#### Directions:
What is wanted is every line below from the one with "I(主和弦原位)- V6(属和弦第一转位)- vi(下中和弦原位)" up to and including the one with "Pumpless Cat Water", retyped exactly, pictures excluded, nothing else.

#### Data for this task:
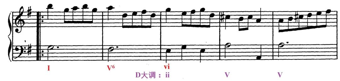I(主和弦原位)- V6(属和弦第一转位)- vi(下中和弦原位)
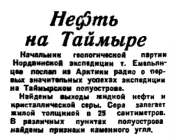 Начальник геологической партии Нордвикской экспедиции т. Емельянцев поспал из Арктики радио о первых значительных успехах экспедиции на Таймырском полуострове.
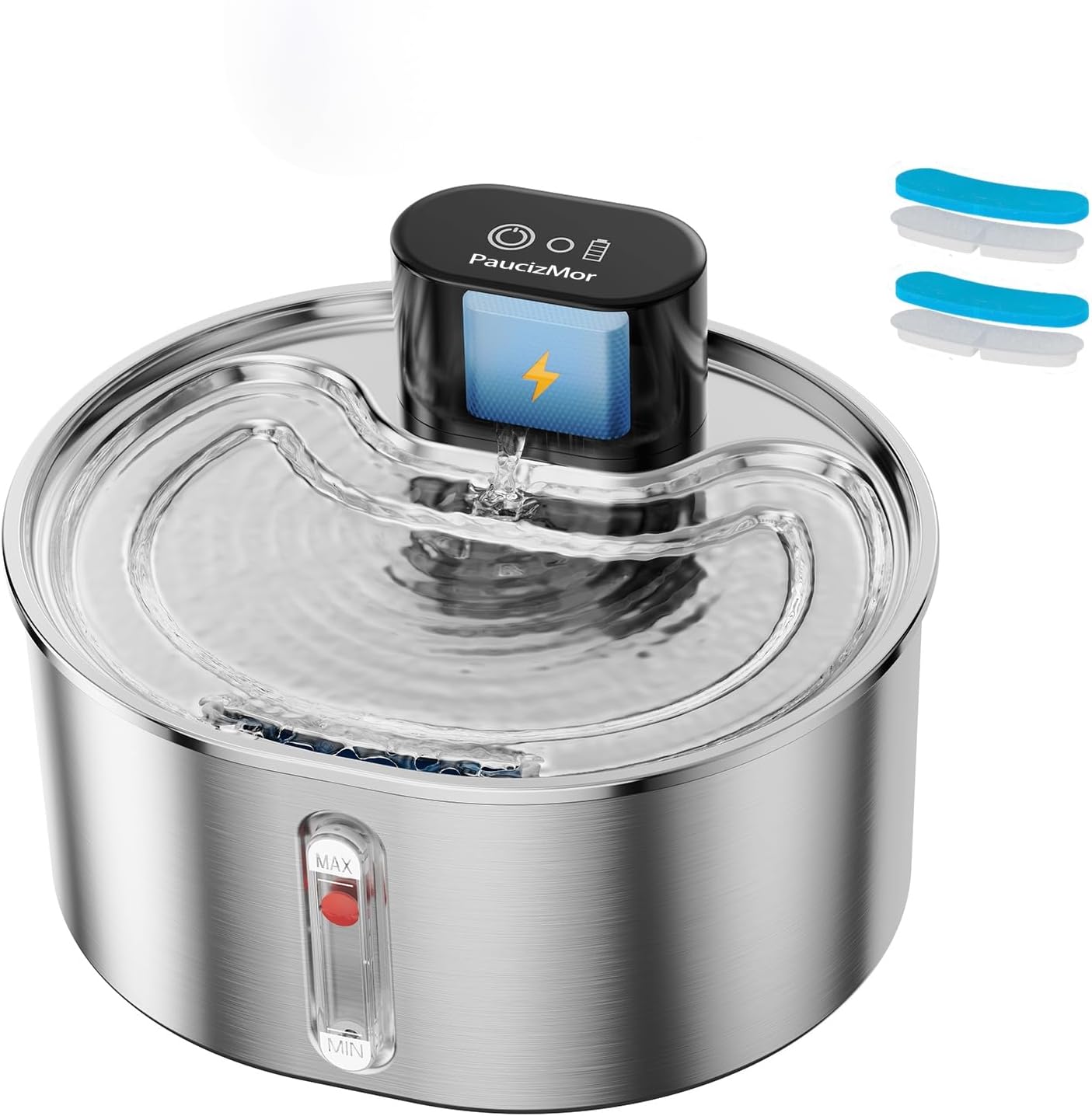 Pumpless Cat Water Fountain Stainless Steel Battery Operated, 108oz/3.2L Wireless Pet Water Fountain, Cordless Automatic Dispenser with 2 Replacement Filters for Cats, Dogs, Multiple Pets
==
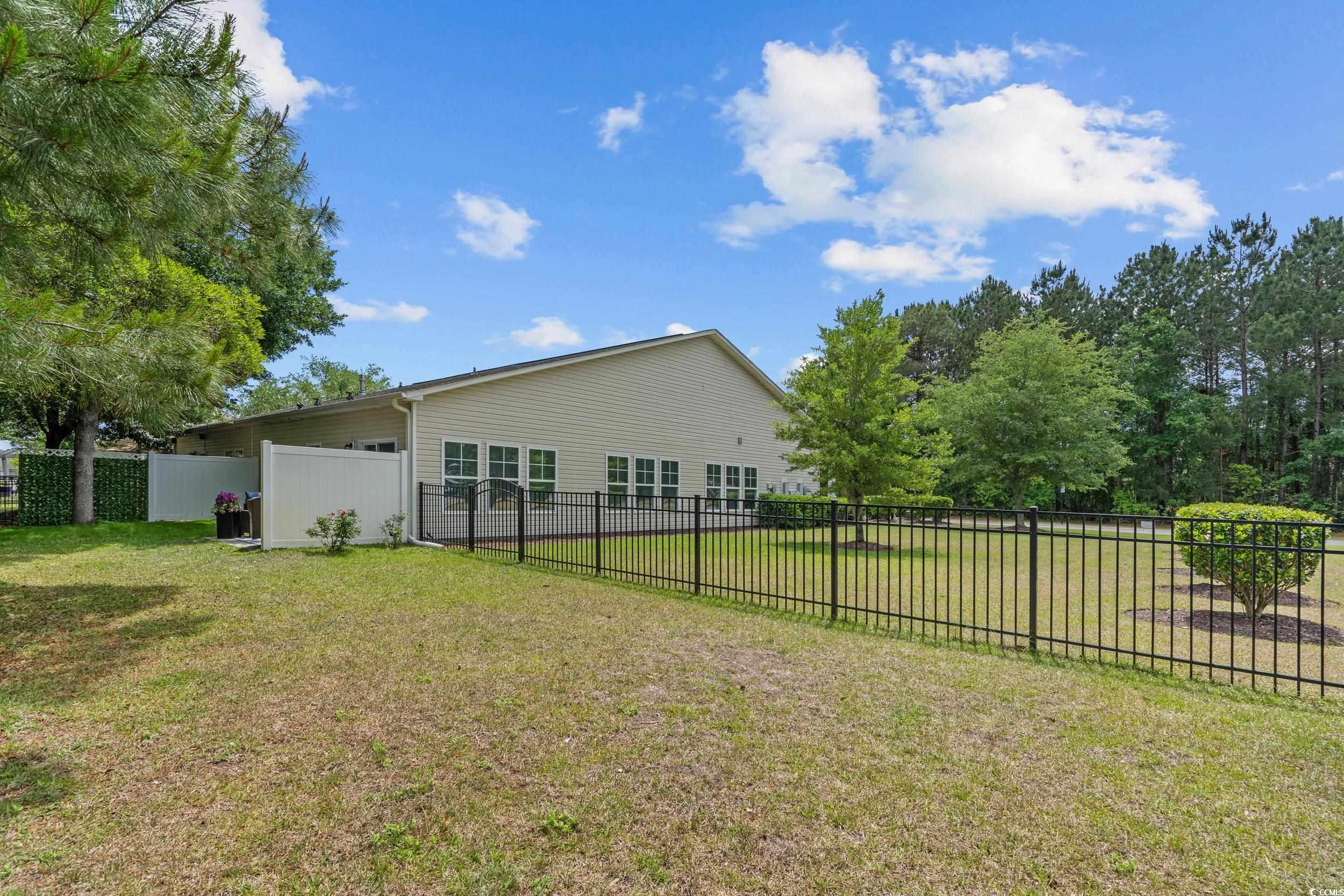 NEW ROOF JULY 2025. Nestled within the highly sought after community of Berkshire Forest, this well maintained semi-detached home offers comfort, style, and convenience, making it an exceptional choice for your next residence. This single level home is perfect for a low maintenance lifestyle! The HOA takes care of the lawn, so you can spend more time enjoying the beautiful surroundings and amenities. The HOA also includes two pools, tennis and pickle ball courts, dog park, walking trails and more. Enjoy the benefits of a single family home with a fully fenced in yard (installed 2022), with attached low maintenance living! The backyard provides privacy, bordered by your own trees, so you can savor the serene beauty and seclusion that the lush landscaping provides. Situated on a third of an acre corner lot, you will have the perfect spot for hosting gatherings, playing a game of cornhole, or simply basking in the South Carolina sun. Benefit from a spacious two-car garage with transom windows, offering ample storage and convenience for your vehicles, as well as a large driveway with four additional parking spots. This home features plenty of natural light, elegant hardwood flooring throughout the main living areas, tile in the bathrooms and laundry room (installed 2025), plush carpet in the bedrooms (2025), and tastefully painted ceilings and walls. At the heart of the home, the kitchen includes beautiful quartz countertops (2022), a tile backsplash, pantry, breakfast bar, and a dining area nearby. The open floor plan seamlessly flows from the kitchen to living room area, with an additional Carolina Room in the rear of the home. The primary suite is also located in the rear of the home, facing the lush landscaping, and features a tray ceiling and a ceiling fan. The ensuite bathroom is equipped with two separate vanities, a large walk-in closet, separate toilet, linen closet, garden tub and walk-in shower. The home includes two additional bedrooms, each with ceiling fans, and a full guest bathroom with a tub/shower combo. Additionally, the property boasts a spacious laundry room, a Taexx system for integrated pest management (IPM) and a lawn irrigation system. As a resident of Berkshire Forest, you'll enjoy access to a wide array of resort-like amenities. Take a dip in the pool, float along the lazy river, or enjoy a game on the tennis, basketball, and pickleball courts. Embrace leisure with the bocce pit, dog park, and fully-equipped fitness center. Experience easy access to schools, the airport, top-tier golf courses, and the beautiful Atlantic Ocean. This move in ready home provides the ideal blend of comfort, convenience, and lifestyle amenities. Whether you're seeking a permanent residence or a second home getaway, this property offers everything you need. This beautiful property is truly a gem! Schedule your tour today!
---
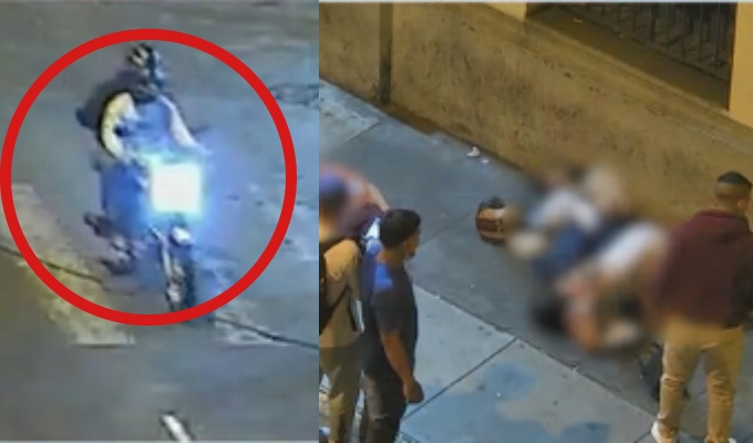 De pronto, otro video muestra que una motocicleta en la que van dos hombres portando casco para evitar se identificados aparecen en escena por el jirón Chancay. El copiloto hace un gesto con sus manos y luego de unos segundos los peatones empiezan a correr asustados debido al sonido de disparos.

#### Exercise answer:
I(主和弦原位)- V6(属和弦第一转位)- vi(下中和弦原位)
 Начальник геологической партии Нордвикской экспедиции т. Емельянцев поспал из Арктики радио о первых значительных успехах экспедиции на Таймырском полуострове.
 Pumpless Cat Water Fountain Stainless Steel Battery Operated, 108oz/3.2L Wireless Pet Water Fountain, Cordless Automatic Dispenser with 2 Replacement Filters for Cats, Dogs, Multiple Pets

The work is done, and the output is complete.